Eye MedSigLIP Linear Probe

Summary

This repository provides an eye (conjunctiva) anemia classifier built on a frozen MedSigLIP vision encoder with a lightweight linear probe (logistic regression converted to a torch linear head). The model outputs a triage score and a binary prediction (Anemia vs Non-Anemia).

This work follows Google’s recommended data‑efficient workflow: freeze the vision encoder, extract embeddings, and train a lightweight linear classifier on top. The linear probe is trained with scikit‑learn LogisticRegression using the saga solver (data‑efficient and scalable), then converted into a torch linear head for deployment. The training code also handles image decoding failures (Pillow -> OpenCV fallback), optional preprocessing toggles, and supports threshold calibration for high‑recall deployment.

Model Artifacts

The repository includes the full deployable bundle:

  • artifacts/vision_model/ (MedSigLIP vision encoder weights + config)
  • artifacts/linear_head.pt (linear probe head)
  • artifacts/scaler.joblib (mean/std for embedding standardization)
  • artifacts/config.json (threshold + preprocessing flags)
  • artifacts/optimized/ (color constancy utilities)

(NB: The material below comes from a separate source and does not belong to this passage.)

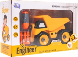 Denne plastbyggedumper med skruetrækker er ideel til børn, der elsker at skabe og udforske teknik. Takket være det enkle skruesystem træner barnet øje–hånd-koordination, tålmodighed og forstår de grundlæggende principper for montering og demontering. Den løftbare ladkasse giver legetøjet et realistisk præg – last, transportér og tip af.

Default deployment threshold (from artifacts/config.json): 0.31.

Dataset (Counts Only)

Primary dataset folder used in this project:

  • Dataset/dataset anemia/ with class folders Anemia and Non-Anemia.

Full Cleaned Dataset (Image-Level)

  • Train: 686 images (Anemia: 280, Non-Anemia: 406)
  • Test: 172 images (Anemia: 82, Non-Anemia: 90)
  • Image decoding: train opencv_rescued 157, test opencv_rescued 30

Full-Dataset Linear Probe (Latest Run)

  • Train/Val/Test counts: 9283 / 1160 / 1162
  • Class balance:
    • Train: Anemia 4730, Non-Anemia 4553
    • Val: Anemia 591, Non-Anemia 569
    • Test: Anemia 592, Non-Anemia 570

Segmented-Only Optimized Split (CP-AnemiC + segmented)

  • Train/Val/Test: 800 / 100 / 100
  • Class balance:
    • Train: Anemia 400, Non-Anemia 400
    • Val: Anemia 50, Non-Anemia 50
    • Test: Anemia 50, Non-Anemia 50

Preprocessing

  • Resize to 448x448 using letterbox padding (no stretching) unless stated otherwise.
  • RGB conversion and normalization to [-1, 1].
  • OpenCV fallback for decoding certain PNGs.

Training Code Notes

  • Embedding extraction: frozen MedSigLIP vision encoder (no fine‑tuning).
  • Classifier: scikit‑learn LogisticRegression with solver=\"saga\".
  • Standardization: embedding mean/std saved to scaler.joblib.
  • Deployment conversion: learned coefficients are converted to a torch Linear head and saved as linear_head.pt.

Core Training Code (Key Steps)

# 1) Extract frozen MedSigLIP embeddings
vision_model.eval()
with torch.no_grad():
    outputs = vision_model(pixel_values=tensor)
    embeds = outputs.pooler_output
    embeds = embeds / embeds.norm(p=2, dim=-1, keepdim=True)

# 2) Standardize embeddings (mean/std from train set)
x_std = (x - scaler["mean"]) / scaler["std"]

# 3) Train linear probe (logistic regression, saga)
model = LogisticRegression(
    solver="saga",
    max_iter=5000,
    C=best_c,
    n_jobs=-1,
)
model.fit(x_train_std, y_train)

# 4) Convert to torch Linear head for deployment
linear_head = torch.nn.Linear(vision_model.config.hidden_size, 1, bias=True)
linear_head.weight.data.copy_(torch.from_numpy(model.coef_))
linear_head.bias.data.copy_(torch.from_numpy(model.intercept_))
torch.save(linear_head.state_dict(), "linear_head.pt")

Benchmarks and Experiments

All metrics below are reported on held-out test sets.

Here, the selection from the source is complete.